# First Meeting Slab



## humulus (31/8/11)

Not long to go now brewers,ok if everybody is bringing something along to drink
What styles have we got,(just thinking on a Saturday) night it would be great if we could vary it!
Im sipping a Sierra Nevada Torpedo IPA so ill think ill bring a 9l of Yankee IPA...anyone else?


----------



## felon (31/8/11)

I'll have a Czech pilsner on tap. It will have had 4 weeks lagering. First attempt at one so I hope its o.k.


----------



## Plastic Man (31/8/11)

My one full keg blew dry last week but I've got a Aussie Palish Ale (all Galaxy) in primary that should be Ok by Sat week. Will bring that. :icon_cheers:


----------



## Bubba Q (31/8/11)

whatever I have in bottles at them moment, the bulk of which are oatmeal stout


----------



## Blackapple (31/8/11)

I should have a porter ready to go if I dont drink it all beforehand :chug:


----------



## megs80 (1/9/11)

Im bringing a Vienna ale session beer. A larger which I'd like some ideas on how to fix and a couple bottles of bretty old ale. What are we doing for food?


----------



## humulus (1/9/11)

Food wise how about beer related nibbles, cheese bikkies dips and stuff,by the sound of it stuff to soak up beer!!
Let me know what you guys think,the host(felon) shouldnt have to supply food seeing hes giving his joint up for our first meeting!
Looking forward to catchin up
:beer: glenn


----------



## megs80 (1/9/11)

Im up for that.
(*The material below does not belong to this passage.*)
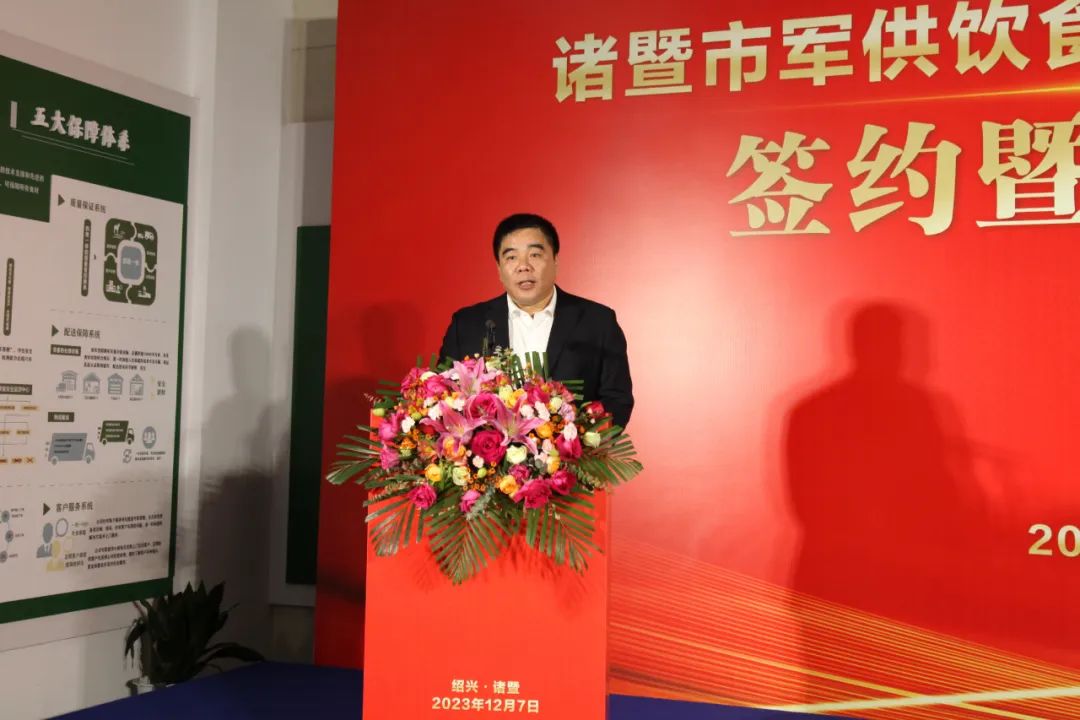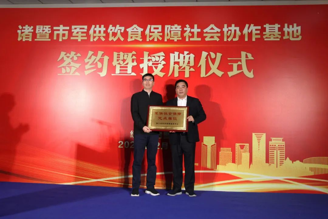 省军供站何铁峰主任为协会副会长单位浙江浙农茂阳农产品配送有限公司颁授军供饮食保障社会协作基地牌匾,浙农控股集团总经理助理、浙农茂阳董事长陈江接牌,标志着浙农茂阳成为诸暨市首个省军供饮食保障社会协作基地。

Agree that Felon should have to supply food too. 
Felon, Do you have a bbq? If so ill bring some snags.

Cheers,
Alex


----------



## AndyO (1/9/11)

Gents,

I've some kit beers aging gracefully in the garage that are equal parts nondescript and boring. It'd benefit everyone a lot more if I baked some cookies or whatever for some mid-session snacks. Any objections?

Thanks,
AndyO!


----------



## humulus (1/9/11)

AndyO! said:


> Gents,
> 
> I've some kit beers aging gracefully in the garage that are equal parts nondescript and boring. It'd benefit everyone a lot more if I baked some cookies or whatever for some mid-session snacks. Any objections?
> 
> ...


Cookies sound good!!!! but bring your beers along nothing wrong with K&K!!!!!!!!!!
I can feel a hangover coming on!!!!!


----------



## AndyO (1/9/11)

humulus said:


> Cookies sound good!!!! but bring your beers along nothing wrong with K&K!!!!!!!!!!
> I can feel a hangover coming on!!!!!



will do - but i suspect the cookies will have significantly more personality than my beers :lol:


----------



## flano (1/9/11)

I will bring a pale ale with nelson and cascade hopping...in a cornie.


----------



## Tim (1/9/11)

My wife has double booked me with a BBQ at home so I am a maybe at the moment. Hopefully it will finish up early and I can sneak around afterward.


----------



## SG9090 (1/9/11)

I will be bringing some nibbles, Any idea how many are coming?

Shane


----------



## bowser (2/9/11)

l'm Happy to bring some snacks as well, I have bottled czech pils and some Dr smurtos golden ale.


----------



## megs80 (2/9/11)

id be keen to try your Dr smurtos goldern ale. With all the threads and ratings of this beer it seems like its one great recipe!


----------



## Plastic Man (3/9/11)

I'll chuck in some bickies and dips.


----------